WORK TO COMPLETE – Nothing outside the lines below from the one containing "A photo of the" through the one containing "1940 Fargo truck." is to be printed; print those exactly, ends included, and drop the pictures.

RECORDS FOR THIS EXERCISE –
* * *

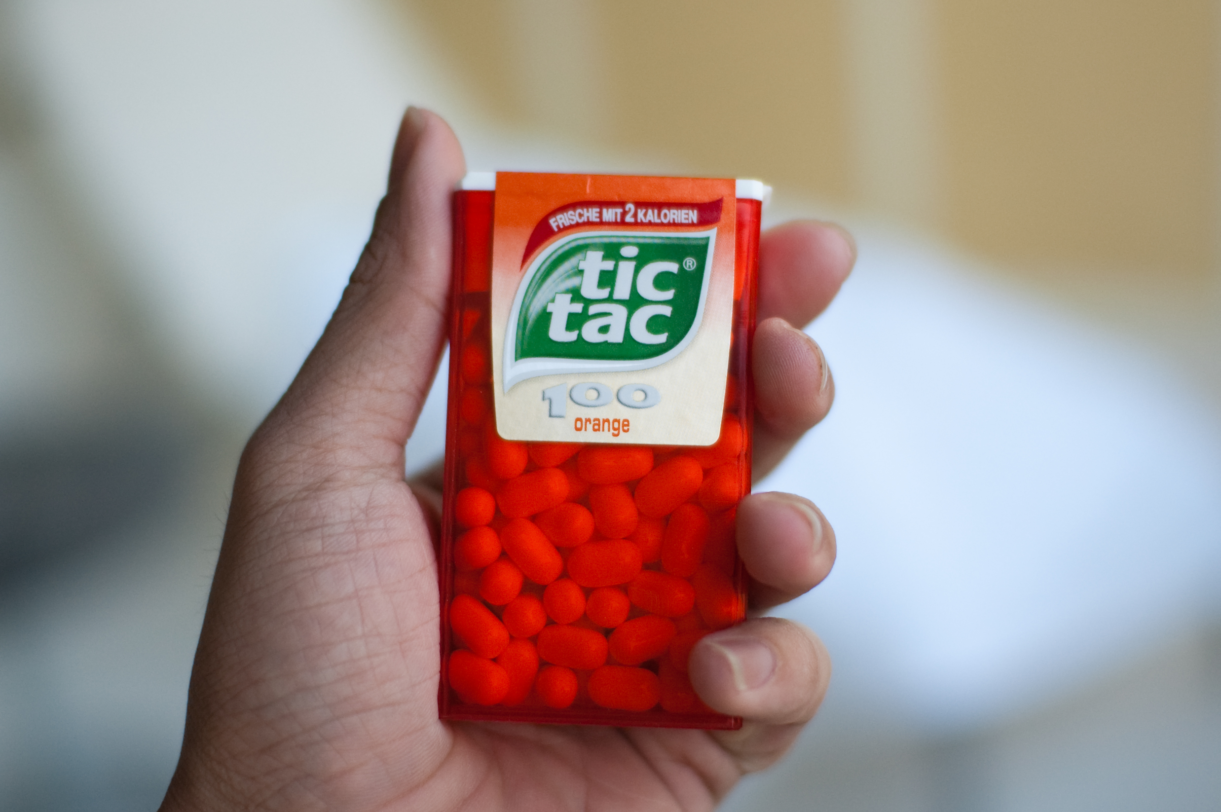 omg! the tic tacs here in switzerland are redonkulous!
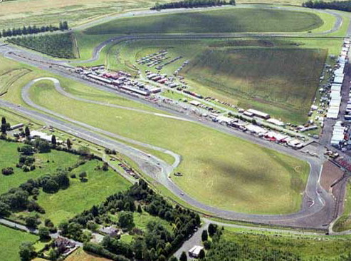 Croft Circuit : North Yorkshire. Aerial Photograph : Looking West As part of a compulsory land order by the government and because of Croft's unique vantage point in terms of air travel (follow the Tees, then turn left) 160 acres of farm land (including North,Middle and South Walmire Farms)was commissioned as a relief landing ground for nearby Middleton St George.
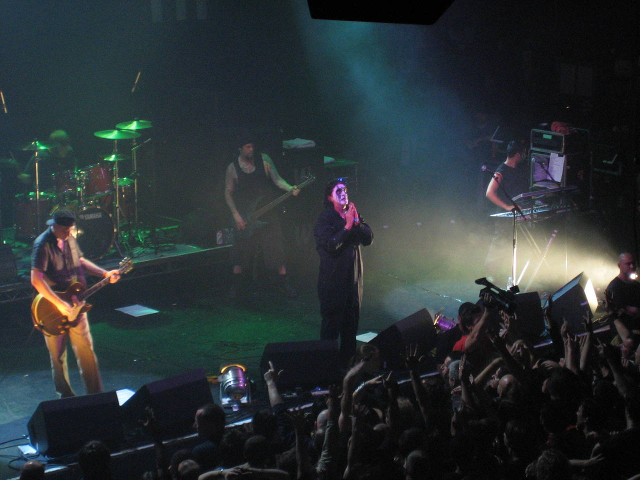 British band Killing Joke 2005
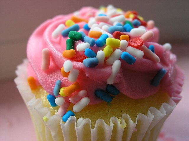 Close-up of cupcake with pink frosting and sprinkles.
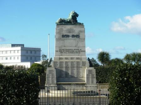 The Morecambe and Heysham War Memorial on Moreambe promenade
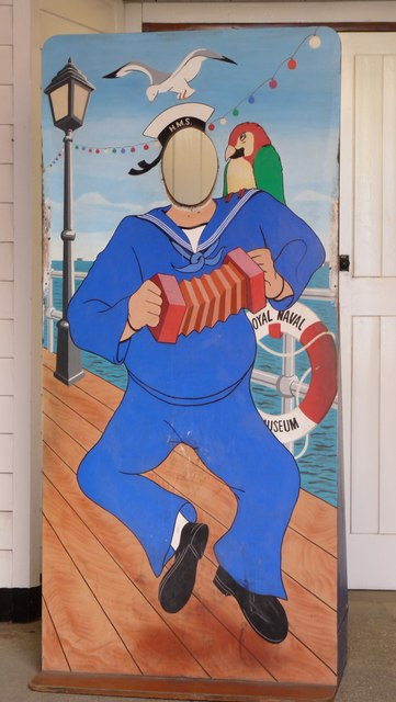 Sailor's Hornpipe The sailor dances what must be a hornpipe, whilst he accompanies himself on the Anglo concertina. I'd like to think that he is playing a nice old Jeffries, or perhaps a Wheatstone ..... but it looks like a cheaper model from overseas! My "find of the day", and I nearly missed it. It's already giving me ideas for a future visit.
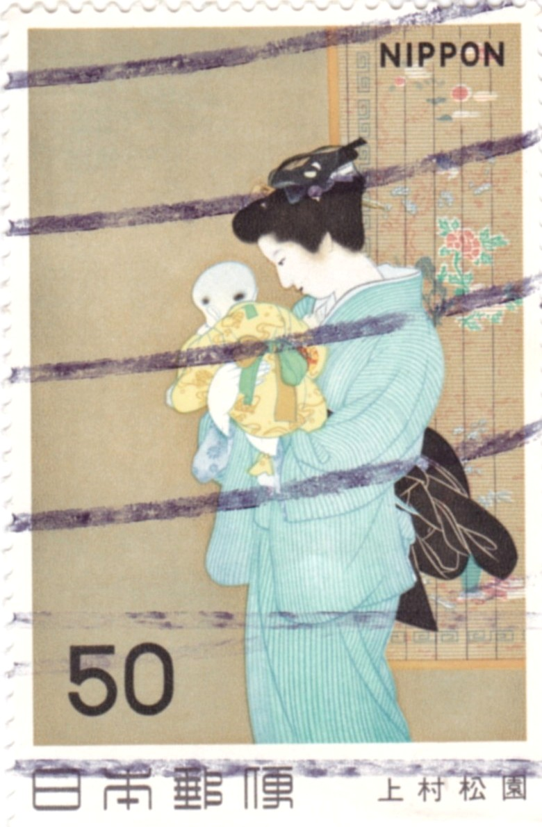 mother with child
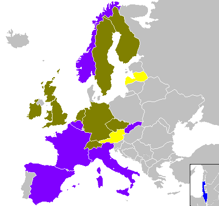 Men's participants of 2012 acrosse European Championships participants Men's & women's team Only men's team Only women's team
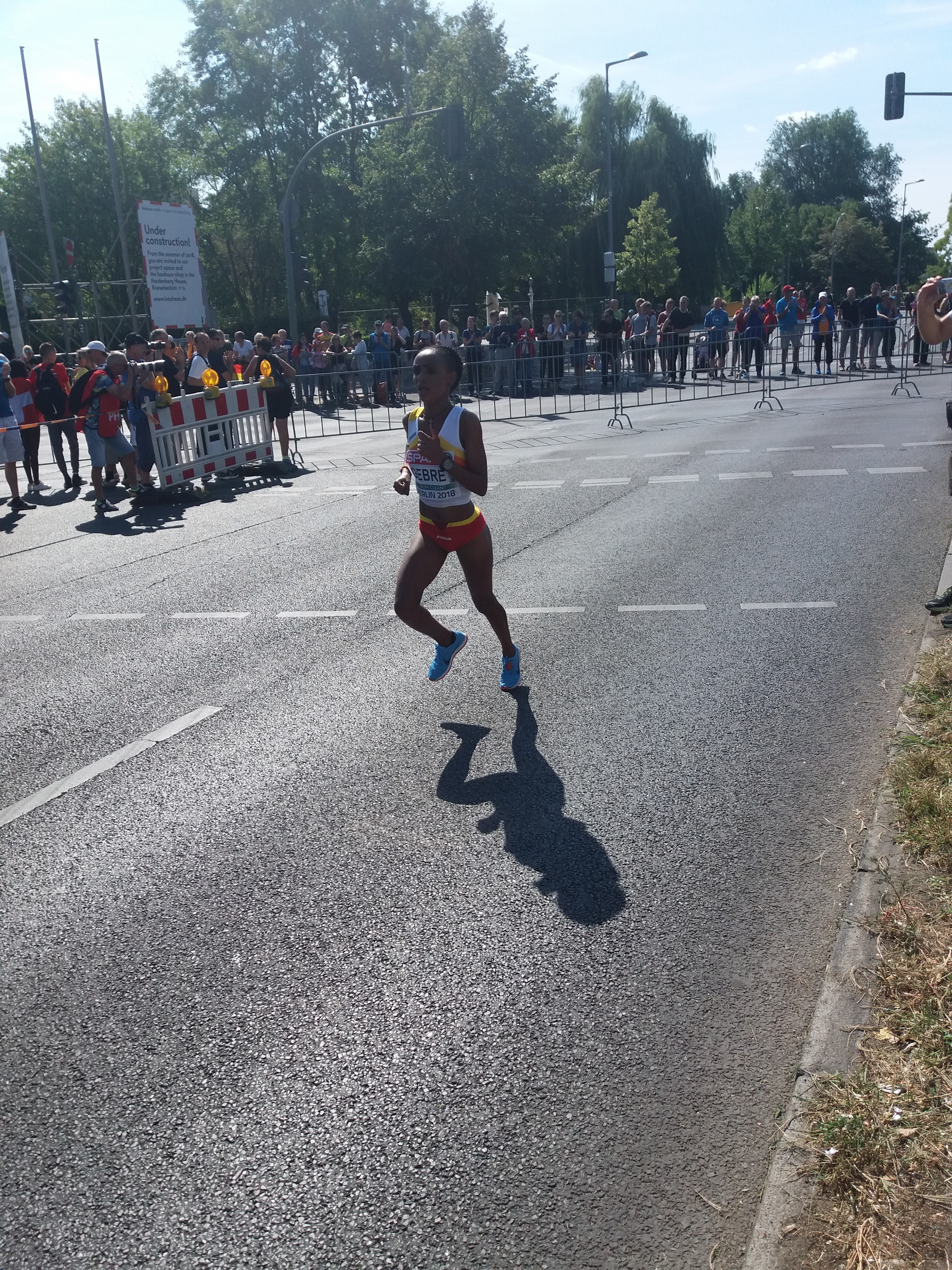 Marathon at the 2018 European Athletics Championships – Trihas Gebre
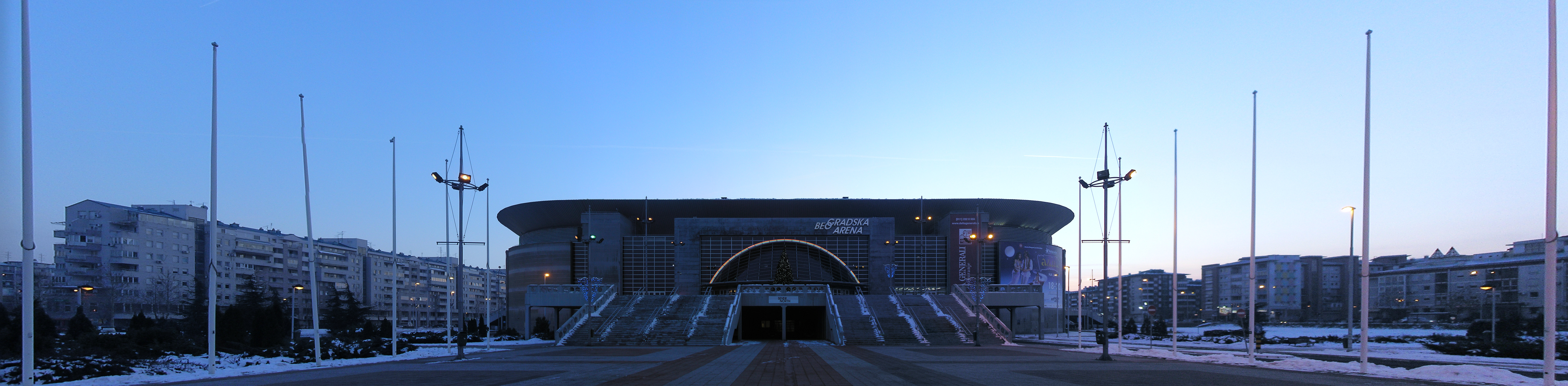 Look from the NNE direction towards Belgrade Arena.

* * *

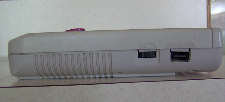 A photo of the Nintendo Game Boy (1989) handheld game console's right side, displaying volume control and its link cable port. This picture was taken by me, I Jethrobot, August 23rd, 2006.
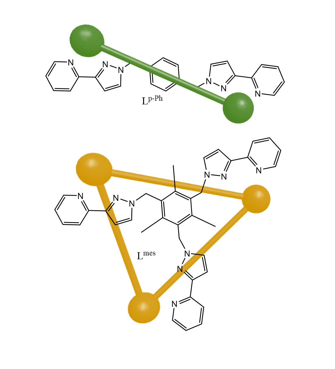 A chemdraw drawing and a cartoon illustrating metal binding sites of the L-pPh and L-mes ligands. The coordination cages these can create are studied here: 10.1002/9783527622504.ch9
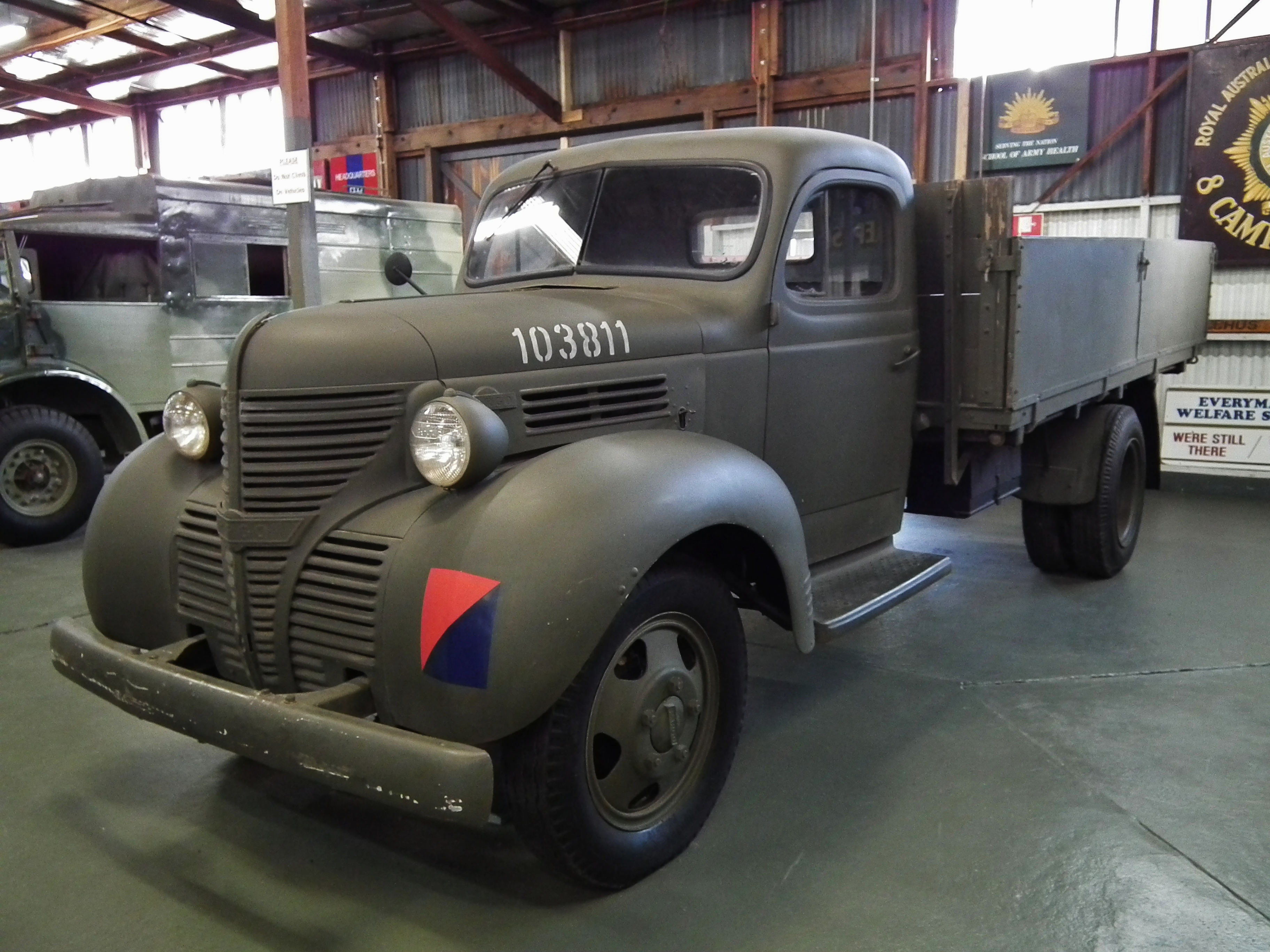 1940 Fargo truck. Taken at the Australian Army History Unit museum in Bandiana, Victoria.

* * *

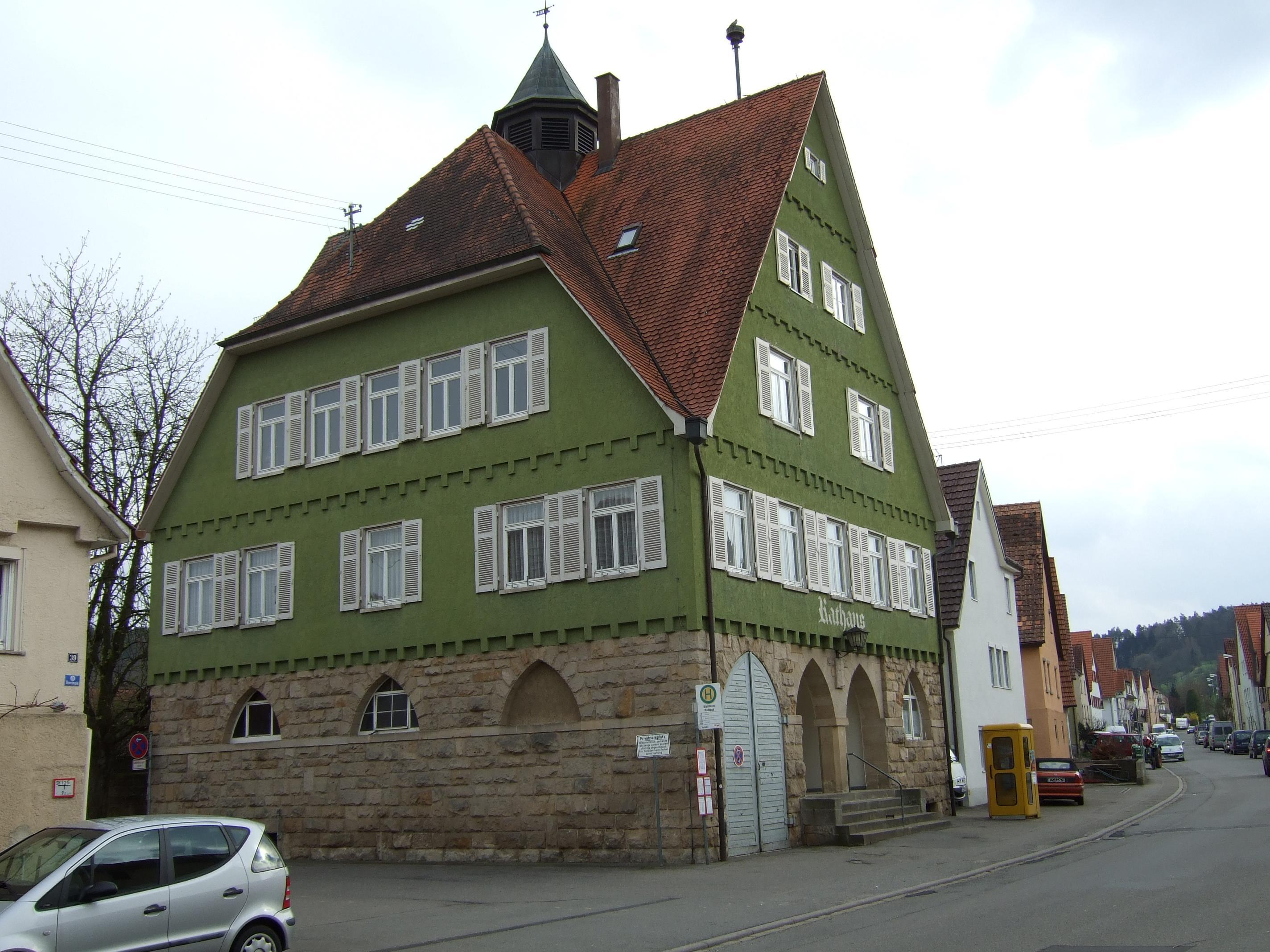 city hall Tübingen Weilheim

* * *

SOLVED PROBLEM –
 A photo of the Nintendo Game Boy (1989) handheld game console's right side, displaying volume control and its link cable port. This picture was taken by me, I Jethrobot, August 23rd, 2006.
 A chemdraw drawing and a cartoon illustrating metal binding sites of the L-pPh and L-mes ligands. The coordination cages these can create are studied here: 10.1002/9783527622504.ch9
 1940 Fargo truck. Taken at the Australian Army History Unit museum in Bandiana, Victoria.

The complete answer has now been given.